[Review] Autosomal Dominant Polycystic Kidney Disease

ADPKD accounts for roughly 5‑10% of end‑stage renal disease cases, translating into billions of dollars in annual healthcare expenditures across Europe and the United States. Population‑based sequencing studies have revealed a prevalence of 1 in 400 to 1,000, with considerable variability driven by PKD1, PKD2, and emerging atypical genes such as GANAB and DNAJB11. The disease’s systemic nature—encompassing hypertension, hepatic cysts, and vascular anomalies—creates a complex clinical picture that challenges traditional nephrology workflows, prompting a shift toward integrated care models that address both renal and extra‑renal manifestations.

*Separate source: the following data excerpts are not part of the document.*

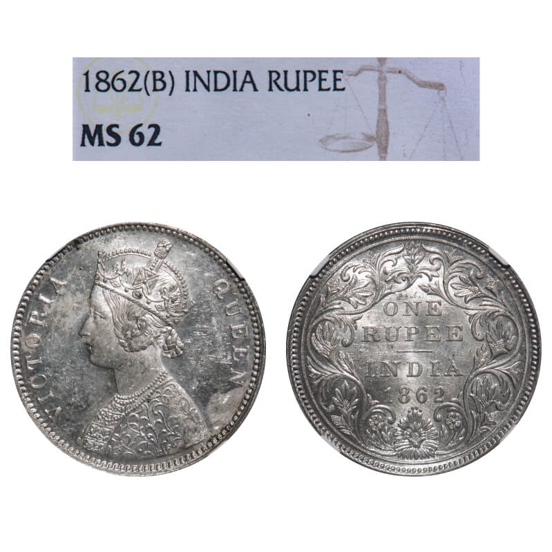 Victoria Queen, Silver, Rupee, 1862, Bombay Mint, A/II/0/4, w/o initial 'J'. F. Prid 79. GK 308. NGC Slabbed MS 62. Very Rare.
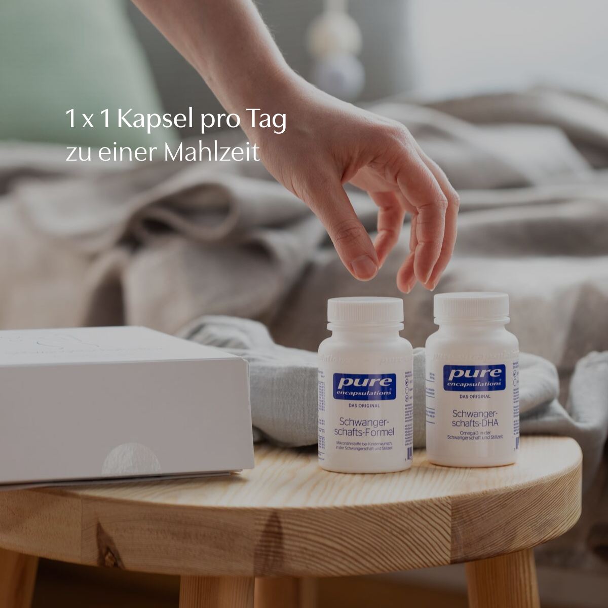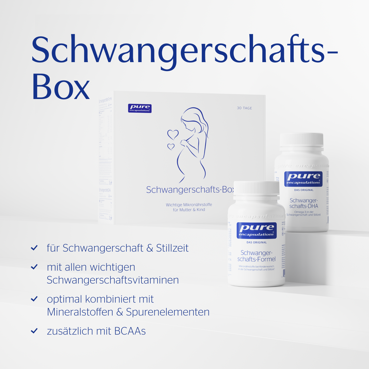 Entdecken Sie die Pure Encapsulations® Schwangerschafts-Box für eine optimale Versorgung von Kinderwunsch bis Stillzeit. Die Kombination aus Folsäure, DHA und weiteren Mikronährstoffen unterstützt die gesunde Entwicklung Ihres Babys und Ihr Wohlbefinden.
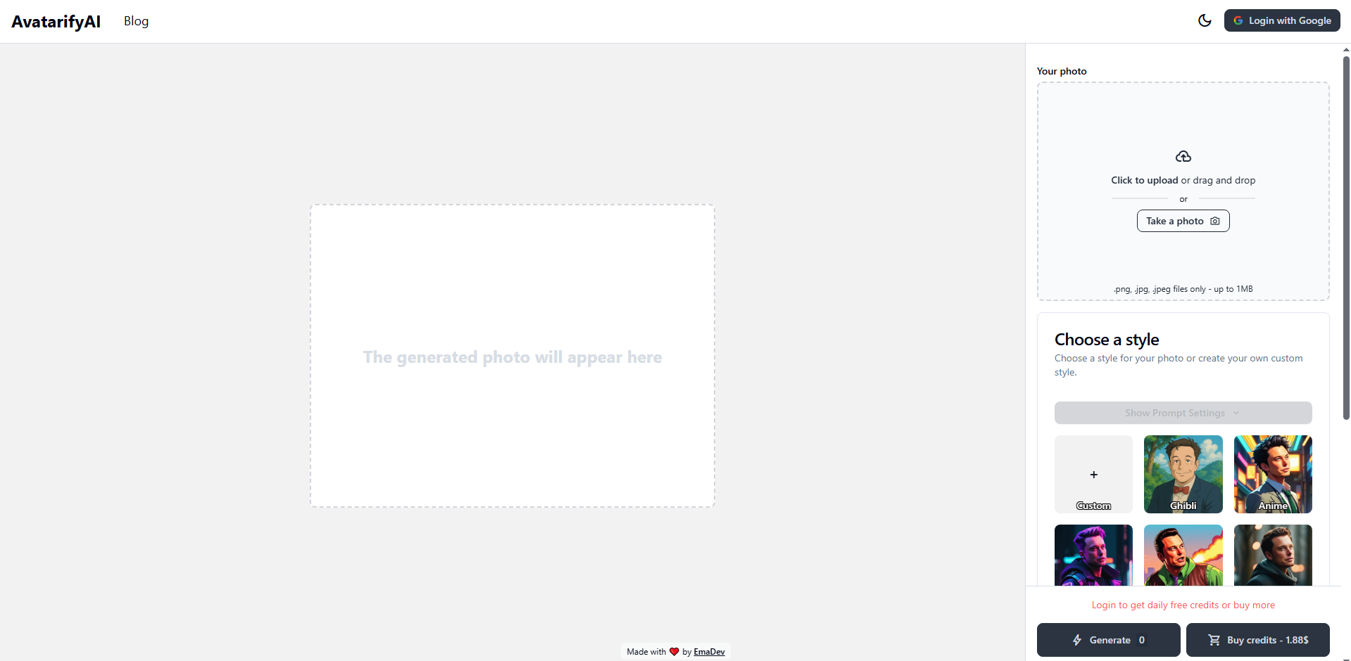 1. Загрузка фото — желательно, чтобы лицо было хорошо видно.
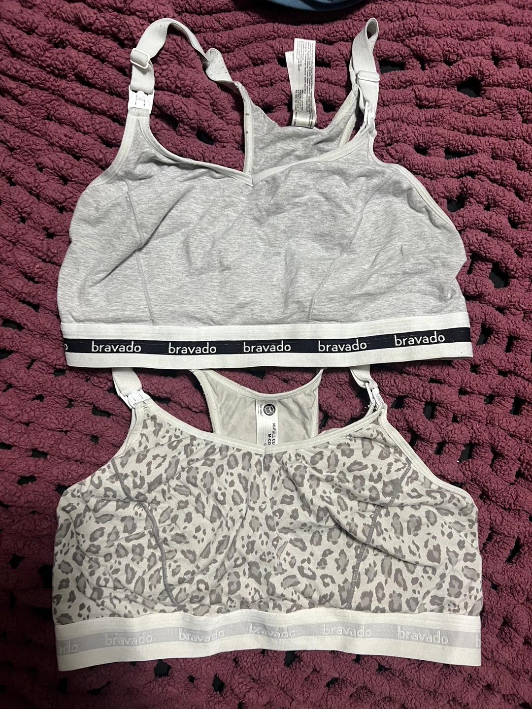 Two Bravado pumping bras in great condition! One is a solid grey and the other has a cute leopard print. Both are size medium and have the Bravado logo on the band.
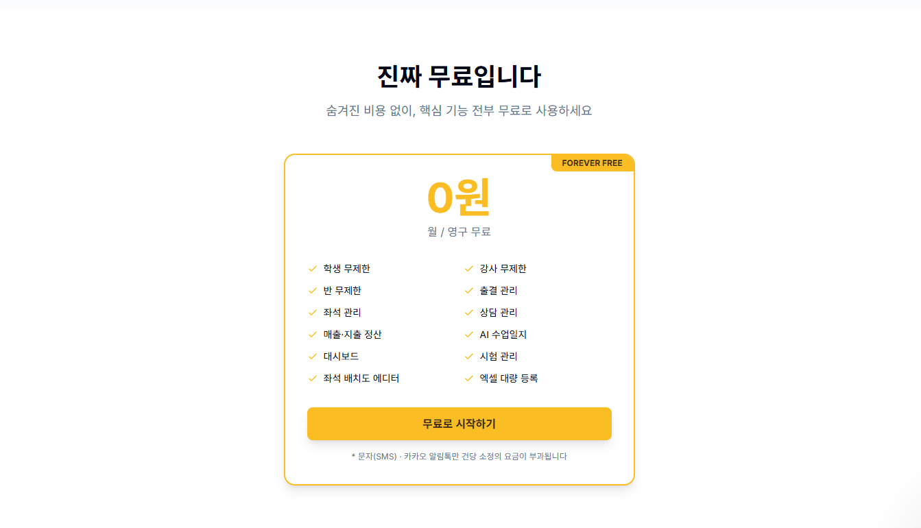 처음부터 모든 기능을 완벽히 세팅하지 않아도 되기 때문에, 현재 운영 상황에 맞춰 단계적으로 적용해 보실 수 있다는 점도 장점인데요. 아직 데이터가 많지 않으시다면 데모버전을 먼저 경험해 보셔도 좋습니다. 실제 화면과 기능을 확인해 보시면, 출결부터 좌석관리, 매출정산까지 하나의 플랫폼에서 어떻게 연결되는지 더 빠르게 이해하실 수 있습니다.

Advances in imaging, particularly magnetic resonance volumetry, now allow clinicians to quantify total kidney volume (TKV) with high precision, a surrogate marker strongly linked to disease trajectory. Coupled with genotype‑phenotype correlations, these tools enable risk stratification at an earlier stage than serum creatinine alone. The 2025 KDIGO guideline recommends incorporating TKV and pathogenic variant data into treatment algorithms, emphasizing shared decision‑making. Genetic panels that include rare alleles (e.g., ALG8, ALG9, IFT140) further refine prognostic estimates, helping identify patients who may benefit most from early intervention.

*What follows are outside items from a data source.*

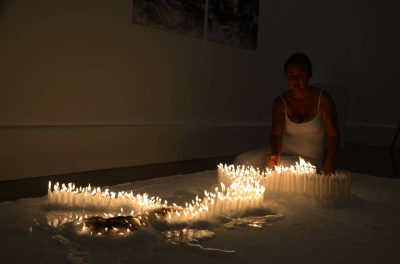 Na performance, a artista sugere que um corpo miscigenado morreu num conflito político. Vemos a artista deitada sobre a tela, sendo desenhada por uma pessoa convidada a desenhá-la na tela. O “corpo-alma” da artista levanta para fazer seu próprio ritual. Vestida de branco, ao som de atabaques, rememora curas afro-brasileiras e indígenas, ritualizando a partir de seu próprio corpo desenhado simbolicamente à beira mar para apresentar os ancestrais que morreram no mar. Um rastro azul surge quase ao final da performance como índice da presença do mar, a cor é diluída pela água. O calor e cor das velas acesas suscitam almas da ancestralidade e remete ao calor das incorporações.
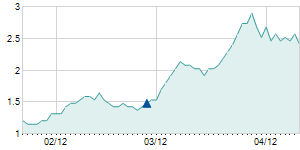 Closing price on 3/15/2012
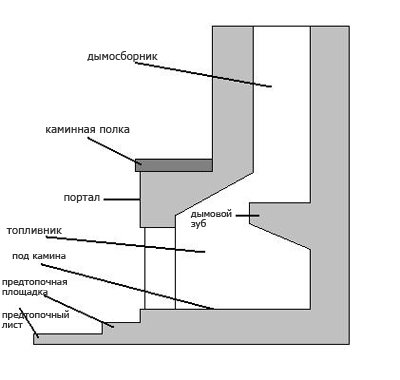 Important! La tâche principale dans le processus de construction d'un foyer est la construction correcte de ses principaux éléments, ce qui garantira l'absence de fumée dans la chambre de combustion.
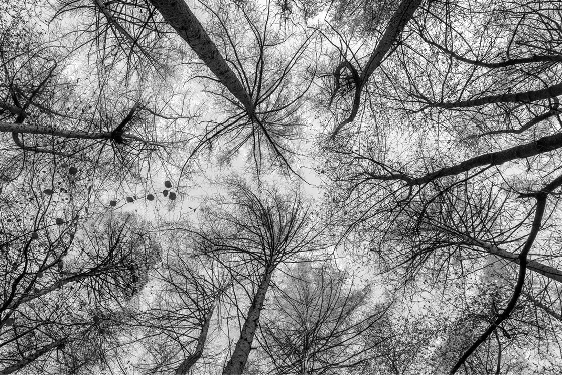 Wherever I am I seek out the peace and solitude of woods and forests. I marvel at the rhythmic shapes and patterns. Branches interlock like fingers, the larger ones resembling arms. Each tree is an individual as unique and different to one another as humans. These photos demonstrate the delicate balance of light and shade created by the leaves and branches in harmony with a background of water, land and sky. They convey my awe at the grace and beauty of the extraordinary and fascinating design of nature. This series of fine etching like images invites us to experience and pay tribute to the value and appearance of gatherings of trees, enabling us to understand their connectivity and communication
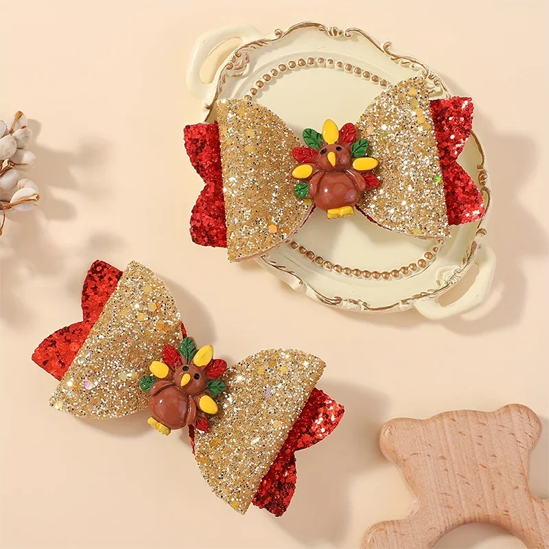 Horquilla con lazo de pavo para el Día de Acción de Gracias, pinzas para el pelo con lazo brillante para niña, accesorios para el cabello para fiesta de vacaciones, 2 uds.
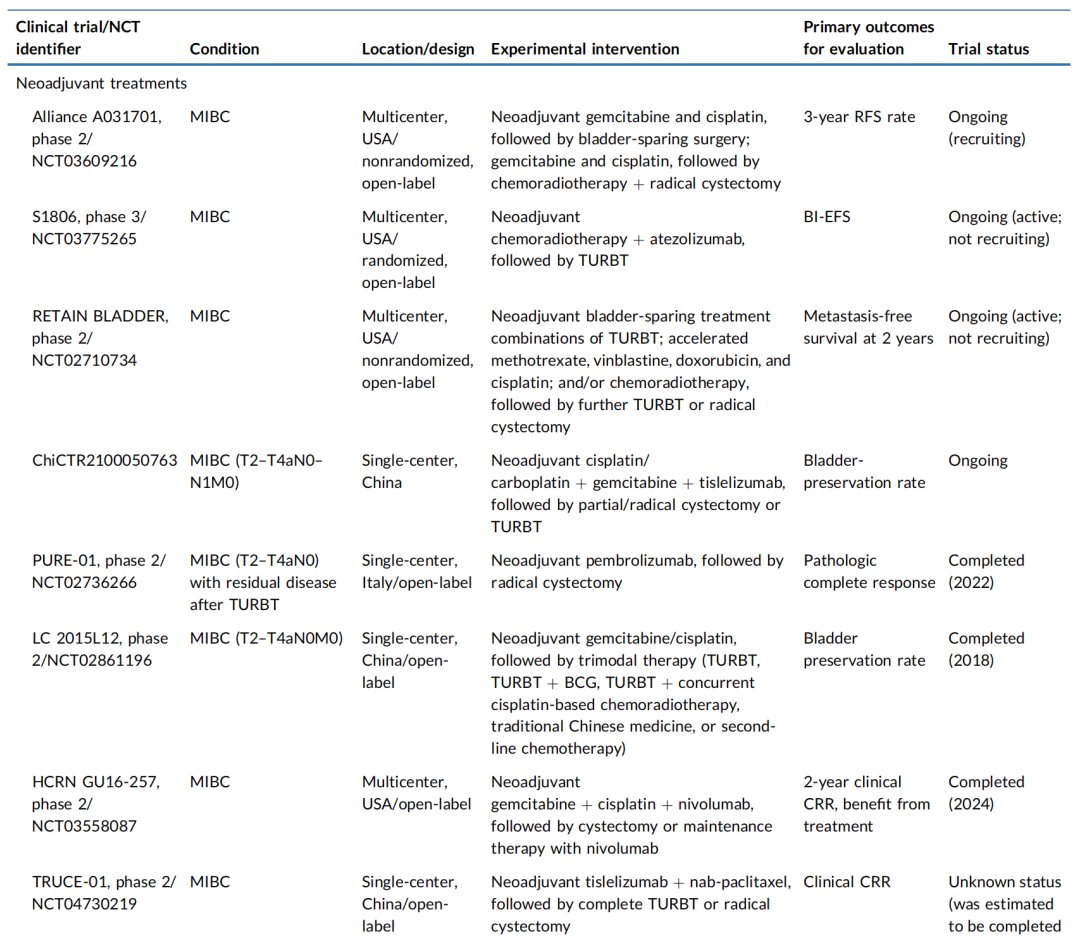 表1.已完成或在研的MIBC围术期治疗研究
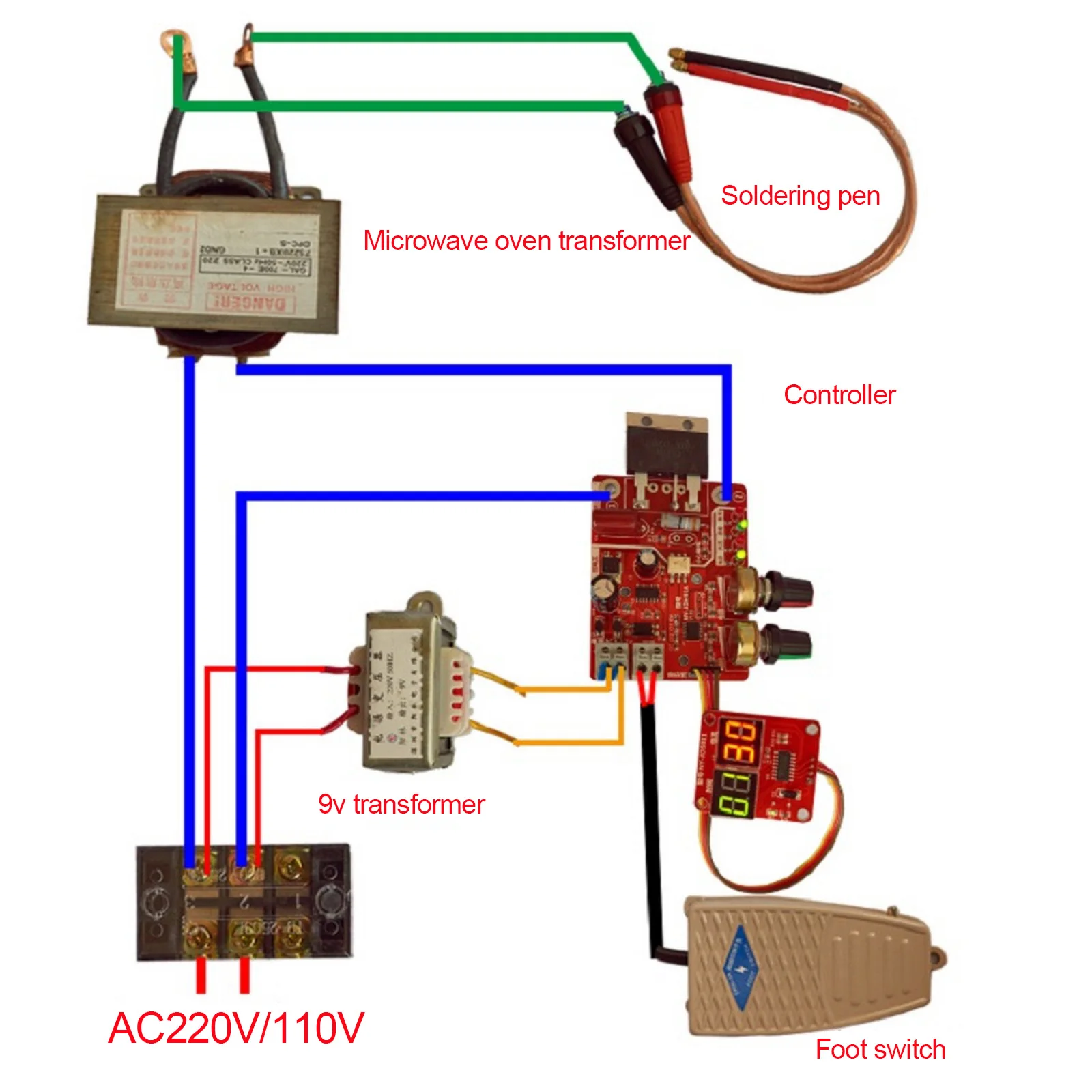 Панель управления точечной сваркой является самостоятельно разработанным контроллером для самостоятельной или простой сварки сопротивлением. Время и ток принимают принцип триггера фазы SCR для достижения цели сварки.

Therapeutically, tolvaptan remains the only approved disease‑modifying agent, demonstrating a 30‑35% reduction in the rate of eGFR decline in high‑risk cohorts. Ongoing trials explore novel pathways—cAMP signaling, metabolic reprogramming, and ciliary function—offering hope for additional oral agents with fewer side effects. Concurrently, lifestyle interventions such as weight management and protein moderation have shown modest benefits in slowing cyst growth. The future of ADPKD care lies in a holistic, multidisciplinary framework that blends precision genetics, advanced imaging, pharmacologic innovation, and patient‑focused education to curb progression and improve quality of life.